As much as I want to believe you and agree, in theory, with your answers A through E, LCT, I think it is wishful thinking in the real world. In my community, I would assume that am the only parent/citizen with no professional stake in education who understands and agrees with you. In fact, I think many of the teachers in the district my children are in would disagree with you, perhaps not in public, but certainly in private and with their votes. And I think that is just human nature. Education does not rise to become an important issue for those who aren’t—or think they aren’t—a part of the education community. It is an issue that is ignored. The only thing that motivates some parents is school sports and supporting other extracurricular activities. Not one of these “engaged” parents cares one iota about the issues that are discussed in this forum.
We do not have the numbers. We don’t even have a coherent narrative that breaks through the little garbage that most focus on. Here in Ohio that is proven every day. We elect the enemies of education and promote them. Our neighbors (very) occsionally get shrill about the evils of ECOT and still don’t make the connection with the K12 marketing blizzard of the Ohio Virtual Academy. When I tell people it’s the same wolf in scholar’s clothing, I get quizzical looks.
We have administrators who buy into the status quo because it creates job security. And we have absolutely no pushback from parents, teachers or citizens. We do not have the numbers.
A Deformer group recently issued a purported survey suggesting that parents support standardized testing. I have rarely, in my time as a teacher or as an educational publishing executive, met one who does. I’m pretty certain that there is overwhelming opposition to standardized tests among parents, with a few exceptions–wealthy parents whose kids do well on them. I’m pretty sure that an unbiased survey would show this. Peter Greene did an article about that biased Ed Deform survey. It was, as usual, great reading.
Greg, if education issues are ever put to a popular vote, you will be surprised to learn that parents care and are better informed than you know. The deformers will go to great lengths to keep their agenda off the ballot. It will lose and you will discover that we do have the numbers.
Thank YOU, Diane. Keep fighting.
Peter ends with a great last line: “Instead of rescuing the tests, let’s rescue teachers and students and education with rich content knowledge.”
Yes, sir!
Amen to that!!!!
We need extensive organization and support, otherwise the change will occur on a glacial timescale, maybe even evolutionary, if at all.
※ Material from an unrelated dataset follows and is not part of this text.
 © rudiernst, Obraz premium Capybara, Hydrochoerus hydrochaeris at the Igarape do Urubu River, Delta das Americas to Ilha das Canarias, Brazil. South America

That we do. The problem is that the Ed Deformers are extremely well funded, and in both state capitals in Washington, money talks. So, unless the unions get behind the anti-standardized-testing movement, we are in for a lot more of the same. I’ve devoted a lifetime to teaching ELA and to writing and editing ELA textbooks. I’ve lived to see, as a result of these state-test-based Deforms, the replacement of instruction in literature and writing, in textbooks and in depersonalized education software, by exercises modeled on state test questions in which students “apply” standards [sic] from the puerile Gates/Coleman bullet list to random snippets of text. This trivialization of ELA has been disastrous. The most brilliant and talented ELA teachers and instructional materials creators I know are all jumping ship because they just can’t stand it anymore. A whole generation of students has had humane education in literature and writing stolen from them. What’s happening is a nightmare, and the Deformers are clueless about the damage they’ve done. And this won’t end until the federal testing mandate ends.
Too many unions are so much political machinery and there is a lot of distrust of unions, even from within.
I think the organization has to be bigger than unions. But I don’t know what we can expect from this country, given . . . It has likely been this way for many decades, it’s just been clearly exposed now.
Still, it’s a specific web of people we need convinced and organized in some way.
Two words: National curriculum.
If you listen closely you can hear James Madison and Thomas Jefferson’s eyes rolling.
But one has to admire BA’s brevity to succinctly expose his/her stupidity. Did it in two words.
Aie yie yie. Yeah, that’s a great solution. Let’s create another system of national Thought Police to micromanage education. #&#&#^@^!#!!!!
Wait–am I crazy or are these Peter Greene pieces from 2018?!
It’s probably too late to be read (because, Duane, you are way up there at 2:59 PM what is now yesterday, 7/26, but I always agree w/Swacker as to what he says about “standardized” testing. It is looooong past the time of “discussion.” WHY are we
still TALKING about this?!
As someone who worked very hard in the opt out movement (standing in front of schools, passing out opt-out literature to parents, organizing meetings, etc.), it would appear that it is, indeed, up to parents (& retired teachers are ready & waiting to help you!) to STOP.THIS.NONSENSE.NOW. THIS YEAR.
No more ed. money to Pear$$$on. No more test preps in lieu of civics classes, no more closing “failing” schools (based on failing tests–tests that not only do not measure ANYTHING & give us NO informations, but te$ts that are pure & utter NONSENSE. Te$t$ that are unregulated & te$ting companie$ that are NOT held accountable.
What did Leonie Haimson & parents in NYC do when the “Pineapple Question” was revealed? Why, they marched on Pear$on headquarters–with their children–dressed as pineapples. What does it take to get people marching in the streets until the State Stuperintendents & Big, Bad Boards STOP the yearly (& I mean ALL year–a total year wa$ted on te$t prepping–actually, year$ & year$ & year$.) theft of real education from our children?
How is it that Puerto Rican citizens were victorious in gaining the resignation of their governor? How did the Chicago Teachers Union–&, later, some other state unions–gain contracts?
They TOOK TO THE STREETS.
Go protest in front of your Pear$on$ (& any other te$ting companie$ that are left; Pear$on does have a monopoly).
No more discussion. ACTION.
And this is the last time I am taking part in a “discussion” on thi$ $ubject, becau$e it’$ all about the Benjamin$, the clo$ing of $chool$/di$enfranchi$ement of real educators,
& the withholding of an education to “other people’s children.”
With the latter, Walmart will get their (below) minimum wage, no benefits workers, Amazon will run their modern-day sweatshops (until all their employees are replaced w/robots), & poverty, drug addiction & early deaths will continue to swell, just as the climate crisis.
(An aside–did you all know that the Tour de France was halted because there were- 1) mudslides, then, even more strangely–2) blizzards–?)